Required action: Emit a verbatim copy of the lines below from the line with "Черный ремень с" through the line with "项目直线公里,在真如、徐汇滨", excluding pictures and everything outside that range.

Data:
***
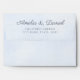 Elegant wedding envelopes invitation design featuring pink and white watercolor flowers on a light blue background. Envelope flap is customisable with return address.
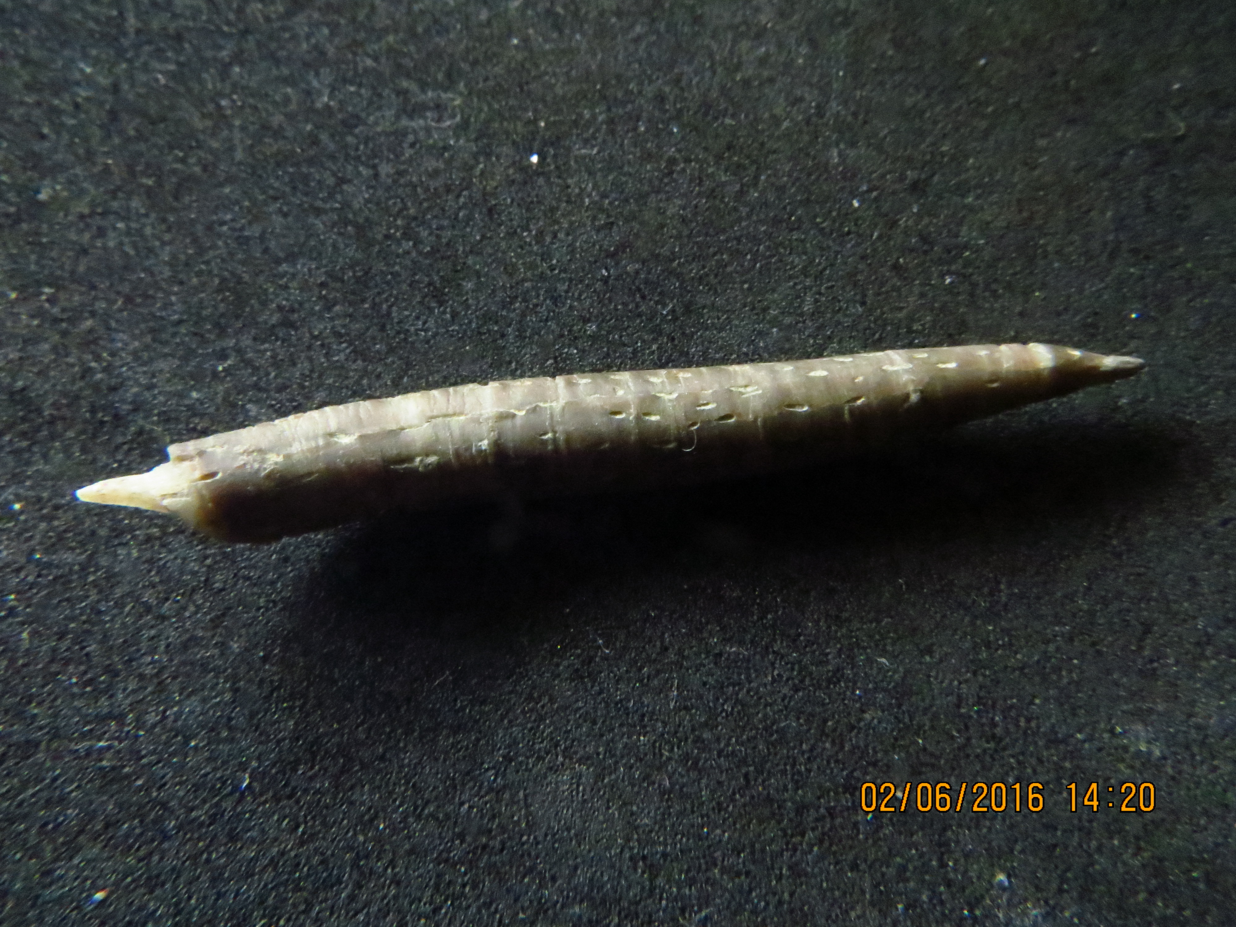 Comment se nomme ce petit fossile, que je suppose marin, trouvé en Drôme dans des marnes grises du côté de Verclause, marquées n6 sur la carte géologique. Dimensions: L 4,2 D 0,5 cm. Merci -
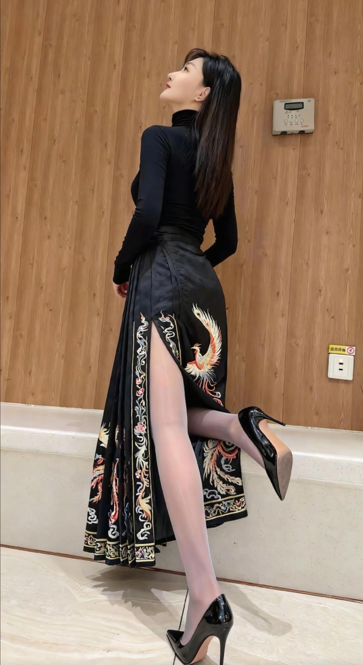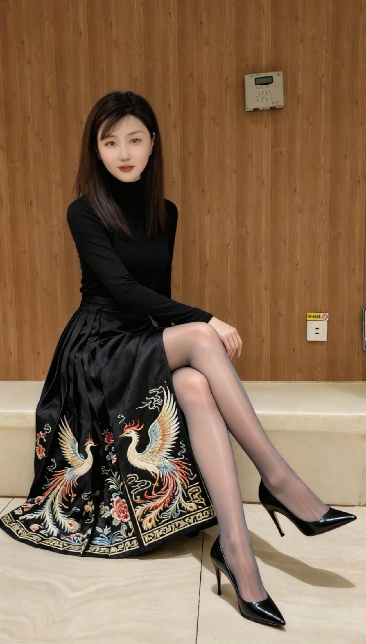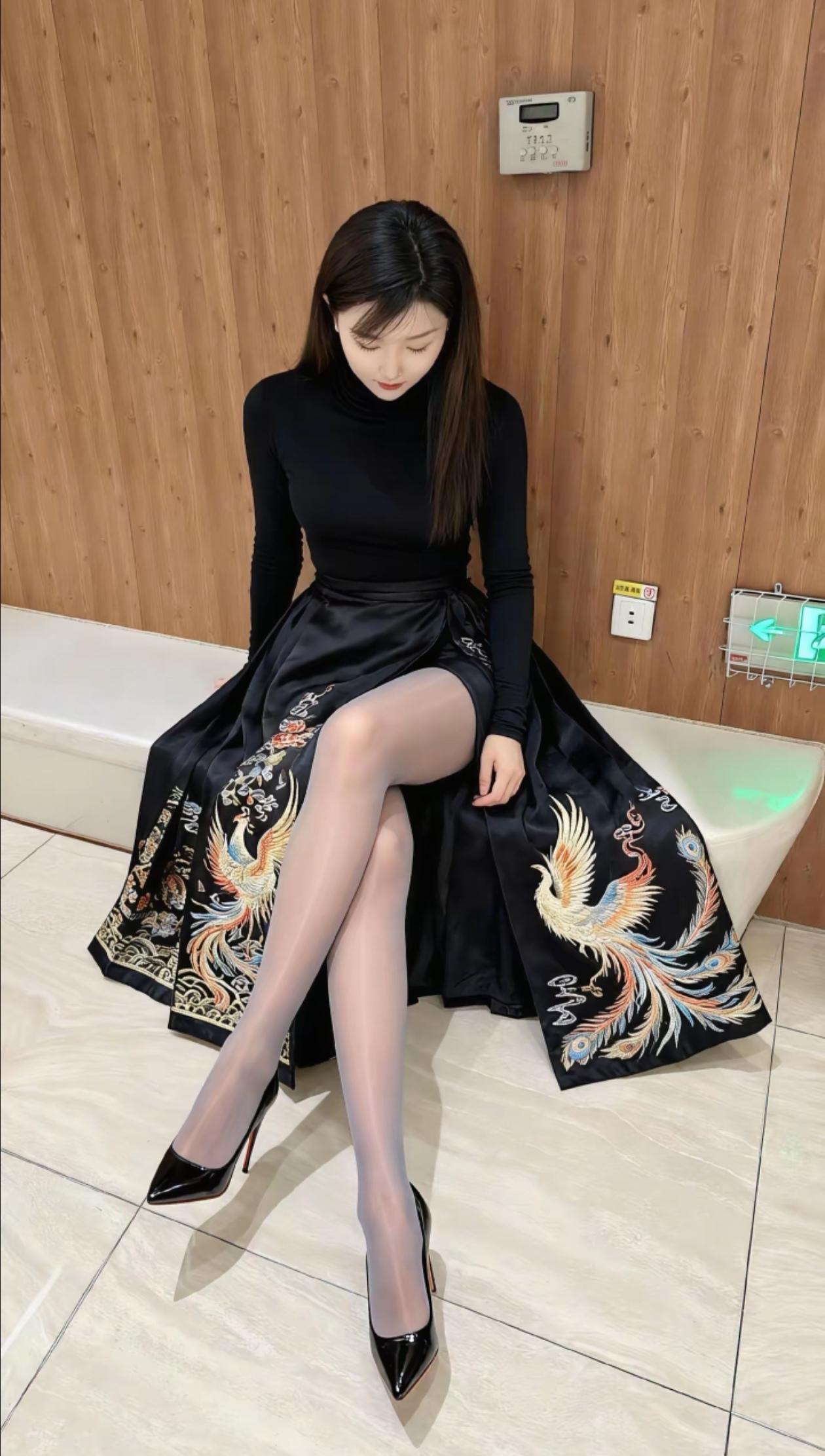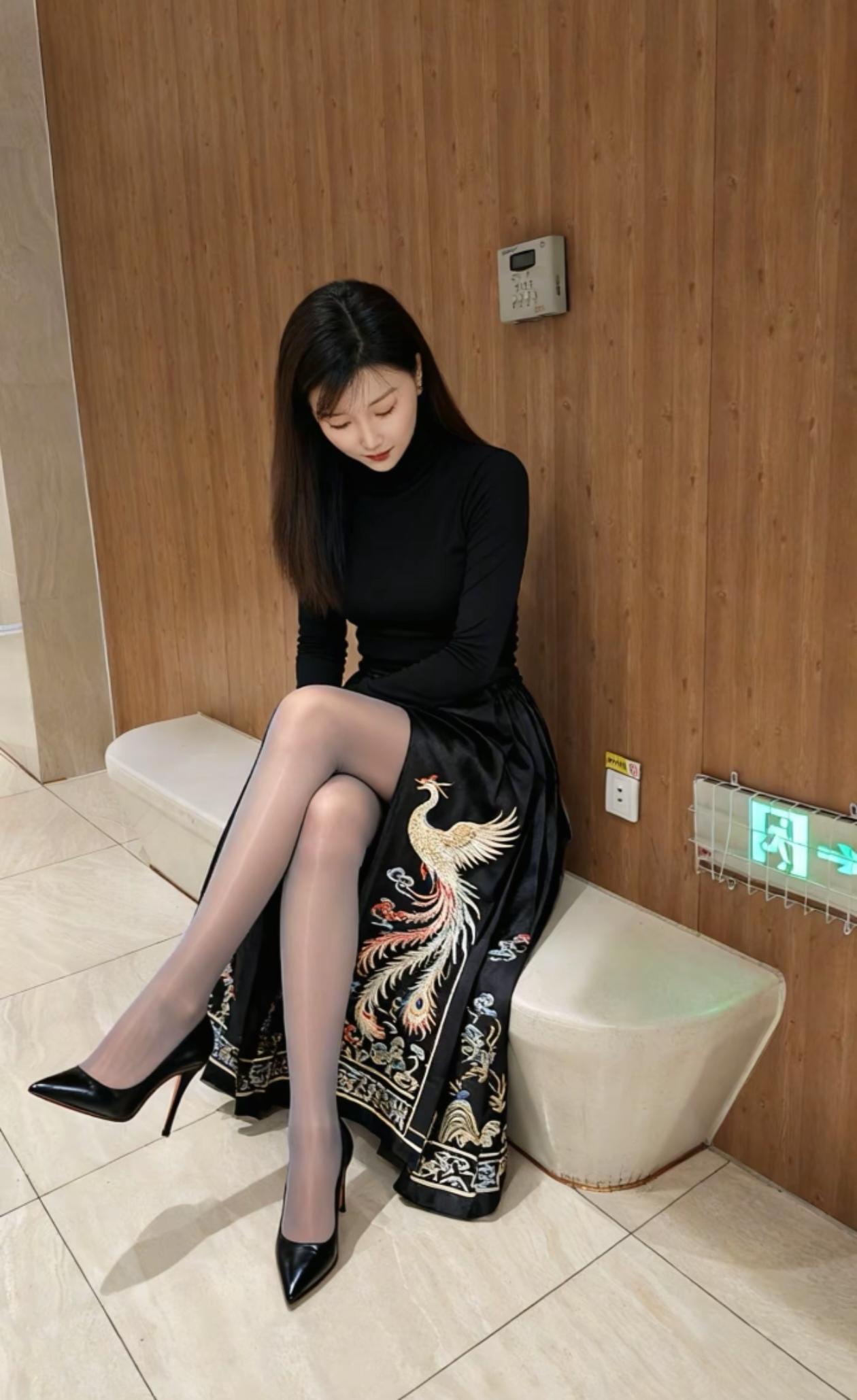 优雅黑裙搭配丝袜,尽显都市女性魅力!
***
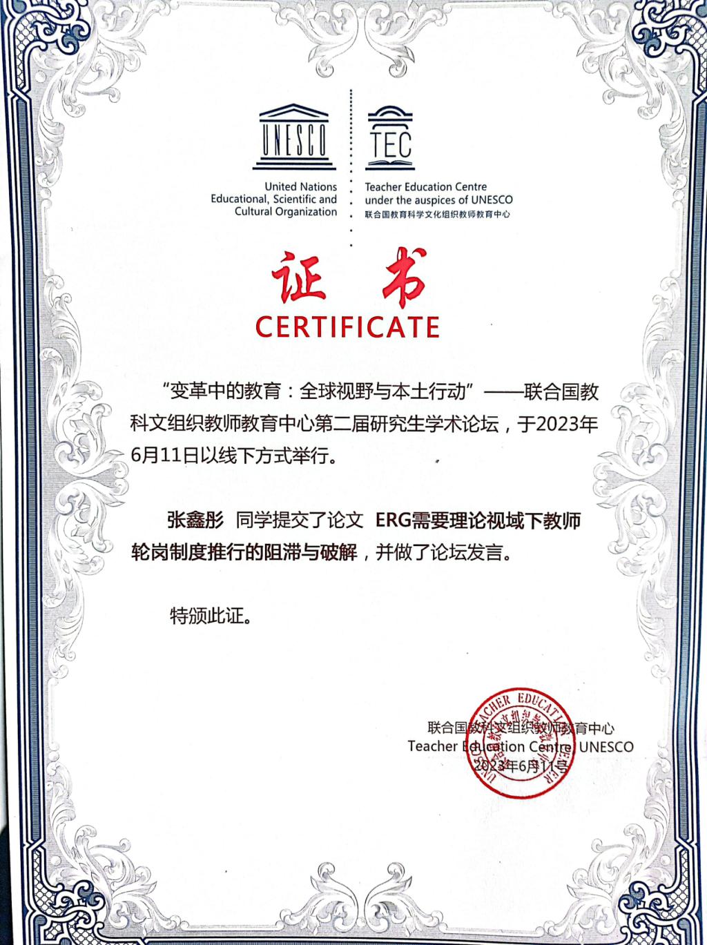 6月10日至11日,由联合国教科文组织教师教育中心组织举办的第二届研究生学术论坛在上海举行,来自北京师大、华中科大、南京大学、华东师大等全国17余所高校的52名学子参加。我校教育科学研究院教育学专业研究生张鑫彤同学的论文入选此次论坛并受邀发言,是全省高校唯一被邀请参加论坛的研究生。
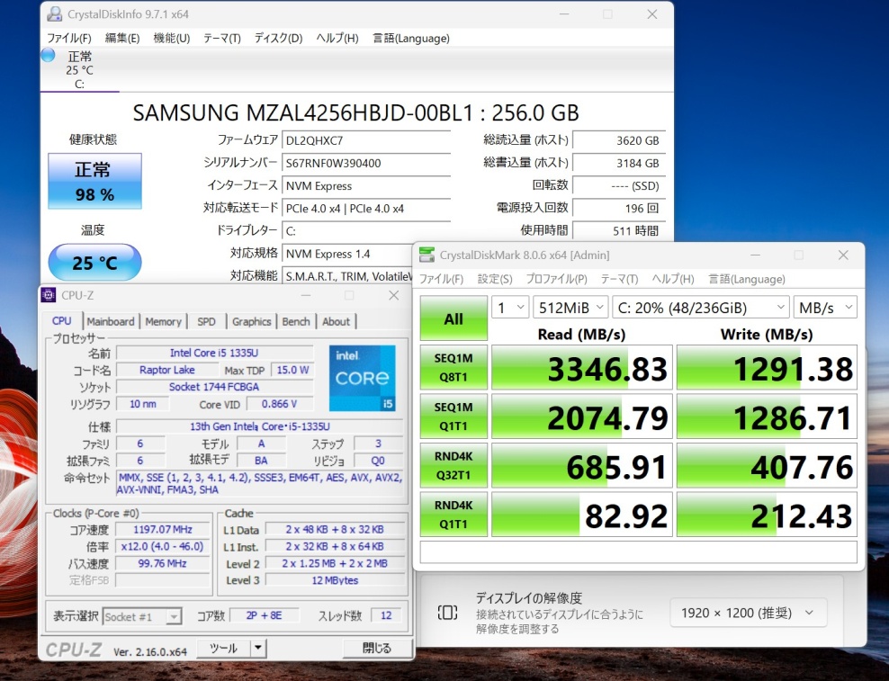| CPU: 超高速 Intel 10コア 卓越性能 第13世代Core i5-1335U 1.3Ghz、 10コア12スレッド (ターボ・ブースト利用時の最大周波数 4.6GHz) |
***
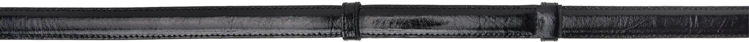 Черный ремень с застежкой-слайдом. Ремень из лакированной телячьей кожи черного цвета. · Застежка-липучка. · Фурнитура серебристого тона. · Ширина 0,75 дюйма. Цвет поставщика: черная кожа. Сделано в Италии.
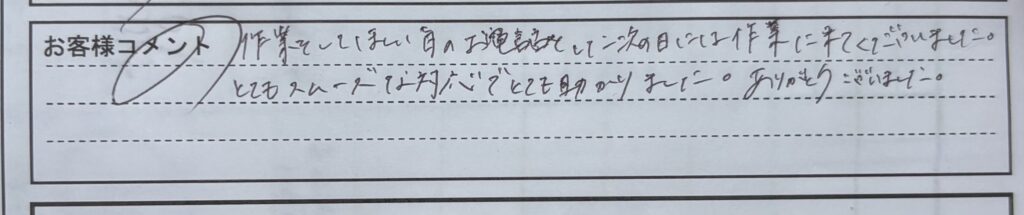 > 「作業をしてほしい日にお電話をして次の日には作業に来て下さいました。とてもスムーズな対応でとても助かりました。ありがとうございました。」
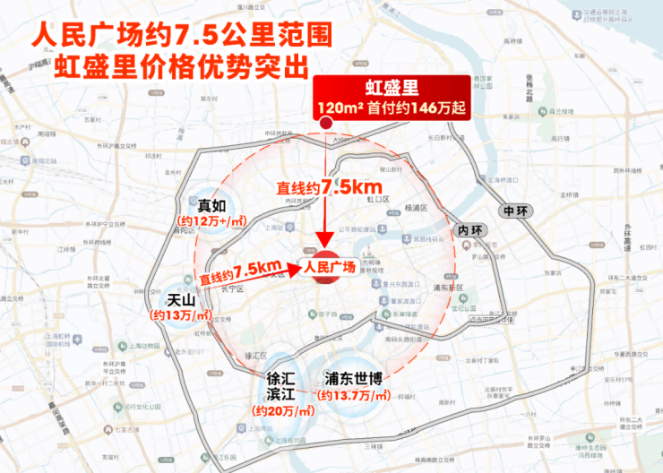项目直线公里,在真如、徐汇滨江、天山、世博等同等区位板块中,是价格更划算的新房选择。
***
Result of this exercise:
 Черный ремень с застежкой-слайдом. Ремень из лакированной телячьей кожи черного цвета. · Застежка-липучка. · Фурнитура серебристого тона. · Ширина 0,75 дюйма. Цвет поставщика: черная кожа. Сделано в Италии.
 > 「作業をしてほしい日にお電話をして次の日には作業に来て下さいました。とてもスムーズな対応でとても助かりました。ありがとうございました。」
项目直线公里,在真如、徐汇滨江、天山、世博等同等区位板块中,是价格更划算的新房选择。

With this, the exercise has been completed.